Top of Source material

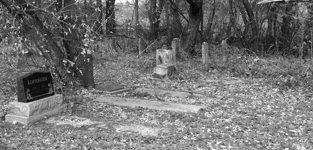 The most northerly of the village residents, possibly Mr. Johann Wieler, apparently offered land free of charge to be used as a cemetery. It would run up against the creek bank to the west and to the north. Presumably it was assumed that caretaking and maintenance would need to be divided somehow among the other residents. One doesn’t know if burial fees of any kind existed at first. It would be ten years or more until the first burial took place there.
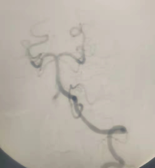 患者为一位中年男性,突发头痛1天,医务人员快速评估病情后紧急完善头颅CT,提示双侧脑室内出血。院党委书记、院长侯建全,副院长郭强高度重视,为保证次密接患者的生命安全,请神经外科紧急会诊。会诊建议完善头颈CTA,排查脑血管相关疾病,并于发热门诊再次完善头颈CTA检查,结果提示颅内大血管未见明显异常,小血管显影欠佳。结果汇报神经外科黄煜伦主任,黄主任仔细阅片后认为患者有高血压病史,虽然头颈CTA结果阴性,年龄较轻,不排除颅内微小动脉瘤、血管畸形、烟雾病等相关脑血管病,若再次破裂出血可能危及生命,建议完善目前脑血管检查的黄金标准——脑血管造影。黄煜伦主任立即汇报相关事宜,得到了院领导的大力支持。
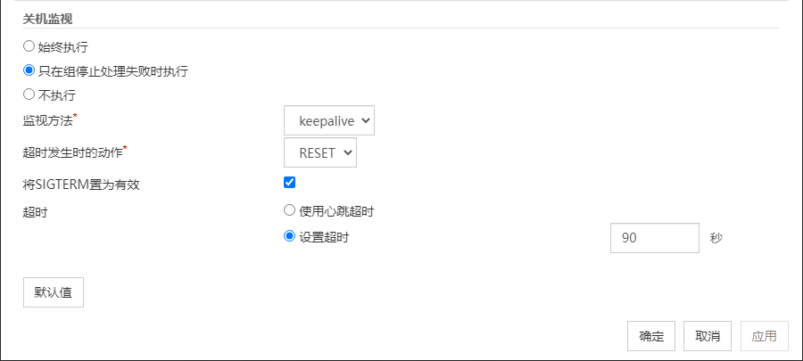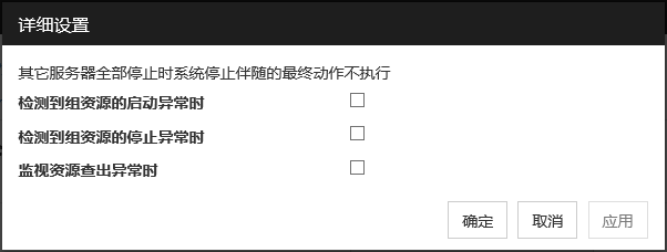 查出停止异常时,对最终运行选择[无操作],则组将在启动失败的状态下停止。在正式的运行环境下,请不要设置为[无操作]。
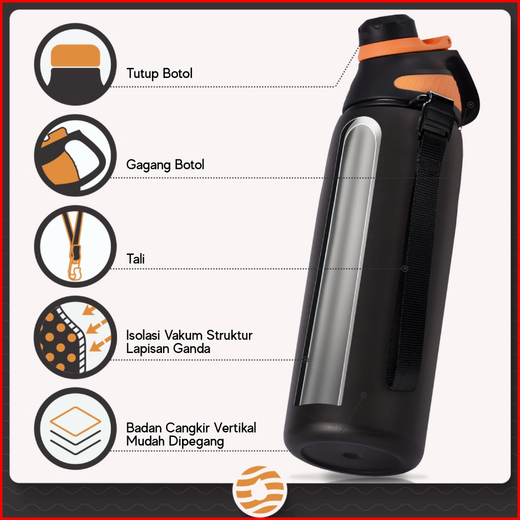 Fjbottle - Sr2106 Botol Portable Olahraga Stainless Steel 800ml Double Insulated Bottle Tahan Panas Dan Dingin Dengan Tu
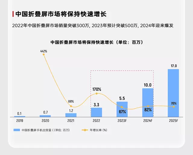 根据Counterpoint统计,2022年中国折叠屏手机市场销量突破300万台,同比增长170%,预计2023年还将增长67%到550万台。该机构还预测,中国折叠屏手机市场销量在2025年有望突破1700万台。
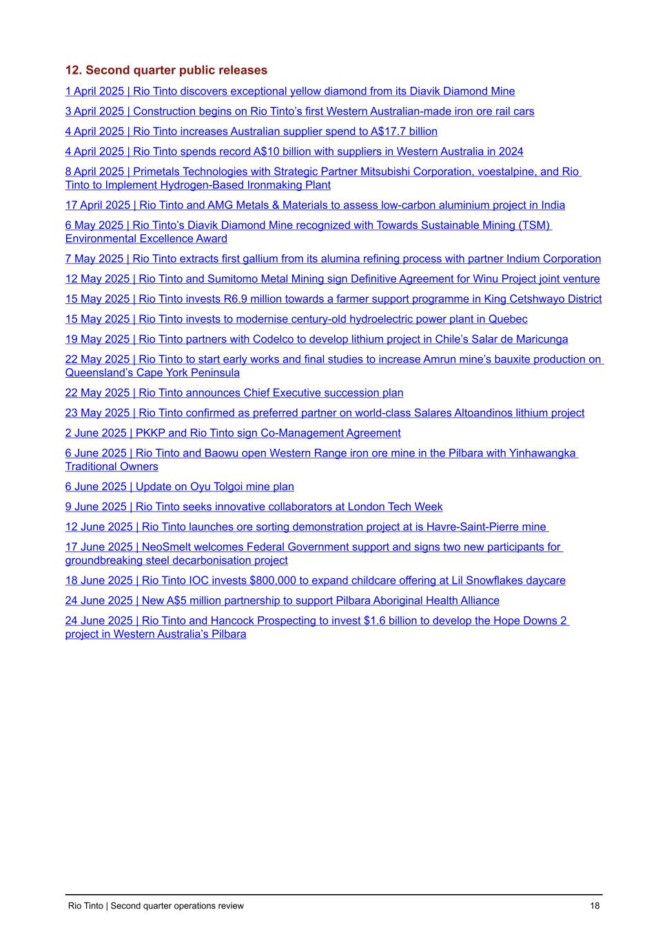 12. Second quarter public releases 1 April 2025 | Rio Tinto discovers exceptional yellow diamond from its Diavik Diamond Mine 3 April 2025 | Construction begins on Rio Tinto’s first Western Australian-made iron ore rail cars 4 April 2025 | Rio Tinto increases Australian supplier spend to A$17.7 billion 4 April 2025 | Rio Tinto spends record A$10 billion with suppliers in Western Australia in 2024 8 April 2025 | Primetals Technologies with Strategic Partner Mitsubishi Corporation, voestalpine, and Rio Tinto to Implement Hydrogen-Based Ironmaking Plant 17 April 2025 | Rio Tinto and AMG Metals & Materials to assess low-carbon aluminium project in India 6 May 2025 | Rio Tinto’s Diavik Diamond Mine recognized with Towards Sustainable Mining (TSM) Environmental Excellence Award 7 May 2025 | Rio Tinto extracts first gallium from its alumina refining process with partner Indium Corporation 12 May 2025 | Rio Tinto and Sumitomo Metal Mining sign Definitive Agreement for Winu Project joint venture 15 May 2025 | Rio Tinto invests R6.9 million towards a farmer support programme in King Cetshwayo District 15 May 2025 | Rio Tinto invests to modernise century-old hydroelectric power plant in Quebec 19 May 2025 | Rio Tinto partners with Codelco to develop lithium project in Chile’s Salar de Maricunga 22 May 2025 | Rio Tinto to start early works and final studies to increase Amrun mine’s bauxite production on Queensland’s Cape York Peninsula 22 May 2025 | Rio Tinto announces Chief Executive succession plan 23 May 2025 | Rio Tinto confirmed as preferred partner on world-class Salares Altoandinos lithium project 2 June 2025 | PKKP and Rio Tinto sign Co-Management Agreement 6 June 2025 | Rio Tinto and Baowu open Western Range iron ore mine in the Pilbara with Yinhawangka Traditional Owners 6 June 2025 | Update on Oyu Tolgoi mine plan 9 June 2025 | Rio Tinto seeks innovative collaborators at London Tech Week 12 June 2025 | Rio Tinto launches ore sorting demonstration project at is Havre-Saint-Pierre mine 17 June 2025 | NeoSmelt welcomes Federal Government support and signs two new participants for groundbreaking steel decarbonisation project 18 June 2025 | Rio Tinto IOC invests $800,000 to expand childcare offering at Lil Snowflakes daycare 24 June 2025 | New A$5 million partnership to support Pilbara Aboriginal Health Alliance 24 June 2025 | Rio Tinto and Hancock Prospecting to invest $1.6 billion to develop the Hope Downs 2 project in Western Australia’s Pilbara Rio Tinto | Second quarter operations review 18
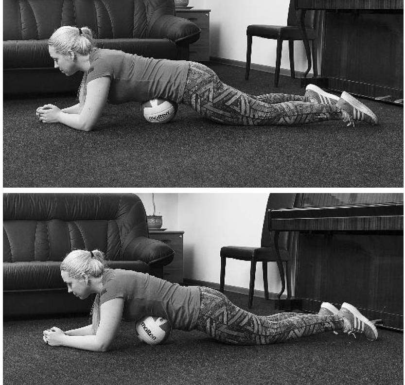 И.П. лежа на полу. Под живот положите мяч (баскетбольный, футбольный, волейбольный). Перекатывайтесь на мяче по часовой стрелке (справа налево, снизу вверх), то есть по всей поверхности живота — 5–10 кругов. Утром или вечером, обязательно натощак, предварительно выпив не менее стакана воды.
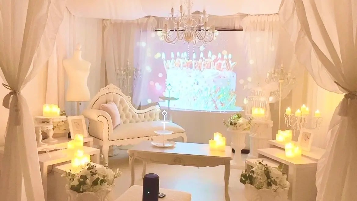 本アンケート結果のレンタルスペース推し活を選ぶ理由として上位にあがった「大画面で推しの鑑賞会ができる」スペースをピックアップ。推しカラーが映える「カラーレス」なスペースが人気です。大画面のライブ映像鑑賞のみならず、本人不在の誕生日会や、推しグッズを置いて楽しめる祭壇が作れるのもポイントです。
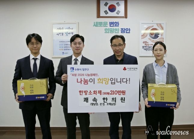 이번 후원은 지역 내 어려운 이웃들의 건강한 일상 지원을 위해 마련됐으며, 기부된 한방소화제는 장안구 내 저소득 취약계층에게 전달될 예정이다.
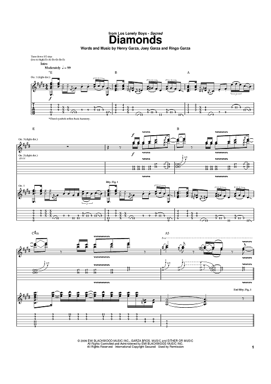 Digital Sheet Music for Diamonds by Henry Garza, Joey Garza, Ringo Garza, Los Lonely Boys scored for Guitar Tab; id:391063
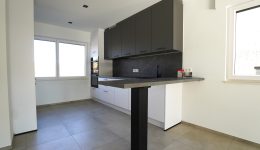Der einladende, halb offene Eingangsbereich bietet Zugang zu allen Wohnräumen. Das helle und geräumige Wohnzimmer geht offen in die wunderschöne, neue und vollständig ausgestattete Küche über. Zudem verfügt das Haus über zwei schöne Schlafzimmer sowie ein Badezimmer mit ebenerdiger Dusche, WC und Waschbeckenmöbel.

Bottom of Source material

Requirement — The expected output is every entry, retyped exactly, with all pictures removed.

Reply —
 The most northerly of the village residents, possibly Mr. Johann Wieler, apparently offered land free of charge to be used as a cemetery. It would run up against the creek bank to the west and to the north. Presumably it was assumed that caretaking and maintenance would need to be divided somehow among the other residents. One doesn’t know if burial fees of any kind existed at first. It would be ten years or more until the first burial took place there.
 患者为一位中年男性,突发头痛1天,医务人员快速评估病情后紧急完善头颅CT,提示双侧脑室内出血。院党委书记、院长侯建全,副院长郭强高度重视,为保证次密接患者的生命安全,请神经外科紧急会诊。会诊建议完善头颈CTA,排查脑血管相关疾病,并于发热门诊再次完善头颈CTA检查,结果提示颅内大血管未见明显异常,小血管显影欠佳。结果汇报神经外科黄煜伦主任,黄主任仔细阅片后认为患者有高血压病史,虽然头颈CTA结果阴性,年龄较轻,不排除颅内微小动脉瘤、血管畸形、烟雾病等相关脑血管病,若再次破裂出血可能危及生命,建议完善目前脑血管检查的黄金标准——脑血管造影。黄煜伦主任立即汇报相关事宜,得到了院领导的大力支持。
 查出停止异常时,对最终运行选择[无操作],则组将在启动失败的状态下停止。在正式的运行环境下,请不要设置为[无操作]。
 Fjbottle - Sr2106 Botol Portable Olahraga Stainless Steel 800ml Double Insulated Bottle Tahan Panas Dan Dingin Dengan Tu
 根据Counterpoint统计,2022年中国折叠屏手机市场销量突破300万台,同比增长170%,预计2023年还将增长67%到550万台。该机构还预测,中国折叠屏手机市场销量在2025年有望突破1700万台。
 12. Second quarter public releases 1 April 2025 | Rio Tinto discovers exceptional yellow diamond from its Diavik Diamond Mine 3 April 2025 | Construction begins on Rio Tinto’s first Western Australian-made iron ore rail cars 4 April 2025 | Rio Tinto increases Australian supplier spend to A$17.7 billion 4 April 2025 | Rio Tinto spends record A$10 billion with suppliers in Western Australia in 2024 8 April 2025 | Primetals Technologies with Strategic Partner Mitsubishi Corporation, voestalpine, and Rio Tinto to Implement Hydrogen-Based Ironmaking Plant 17 April 2025 | Rio Tinto and AMG Metals & Materials to assess low-carbon aluminium project in India 6 May 2025 | Rio Tinto’s Diavik Diamond Mine recognized with Towards Sustainable Mining (TSM) Environmental Excellence Award 7 May 2025 | Rio Tinto extracts first gallium from its alumina refining process with partner Indium Corporation 12 May 2025 | Rio Tinto and Sumitomo Metal Mining sign Definitive Agreement for Winu Project joint venture 15 May 2025 | Rio Tinto invests R6.9 million towards a farmer support programme in King Cetshwayo District 15 May 2025 | Rio Tinto invests to modernise century-old hydroelectric power plant in Quebec 19 May 2025 | Rio Tinto partners with Codelco to develop lithium project in Chile’s Salar de Maricunga 22 May 2025 | Rio Tinto to start early works and final studies to increase Amrun mine’s bauxite production on Queensland’s Cape York Peninsula 22 May 2025 | Rio Tinto announces Chief Executive succession plan 23 May 2025 | Rio Tinto confirmed as preferred partner on world-class Salares Altoandinos lithium project 2 June 2025 | PKKP and Rio Tinto sign Co-Management Agreement 6 June 2025 | Rio Tinto and Baowu open Western Range iron ore mine in the Pilbara with Yinhawangka Traditional Owners 6 June 2025 | Update on Oyu Tolgoi mine plan 9 June 2025 | Rio Tinto seeks innovative collaborators at London Tech Week 12 June 2025 | Rio Tinto launches ore sorting demonstration project at is Havre-Saint-Pierre mine 17 June 2025 | NeoSmelt welcomes Federal Government support and signs two new participants for groundbreaking steel decarbonisation project 18 June 2025 | Rio Tinto IOC invests $800,000 to expand childcare offering at Lil Snowflakes daycare 24 June 2025 | New A$5 million partnership to support Pilbara Aboriginal Health Alliance 24 June 2025 | Rio Tinto and Hancock Prospecting to invest $1.6 billion to develop the Hope Downs 2 project in Western Australia’s Pilbara Rio Tinto | Second quarter operations review 18
 И.П. лежа на полу. Под живот положите мяч (баскетбольный, футбольный, волейбольный). Перекатывайтесь на мяче по часовой стрелке (справа налево, снизу вверх), то есть по всей поверхности живота — 5–10 кругов. Утром или вечером, обязательно натощак, предварительно выпив не менее стакана воды.
 本アンケート結果のレンタルスペース推し活を選ぶ理由として上位にあがった「大画面で推しの鑑賞会ができる」スペースをピックアップ。推しカラーが映える「カラーレス」なスペースが人気です。大画面のライブ映像鑑賞のみならず、本人不在の誕生日会や、推しグッズを置いて楽しめる祭壇が作れるのもポイントです。
 이번 후원은 지역 내 어려운 이웃들의 건강한 일상 지원을 위해 마련됐으며, 기부된 한방소화제는 장안구 내 저소득 취약계층에게 전달될 예정이다.
 Digital Sheet Music for Diamonds by Henry Garza, Joey Garza, Ringo Garza, Los Lonely Boys scored for Guitar Tab; id:391063
Der einladende, halb offene Eingangsbereich bietet Zugang zu allen Wohnräumen. Das helle und geräumige Wohnzimmer geht offen in die wunderschöne, neue und vollständig ausgestattete Küche über. Zudem verfügt das Haus über zwei schöne Schlafzimmer sowie ein Badezimmer mit ebenerdiger Dusche, WC und Waschbeckenmöbel.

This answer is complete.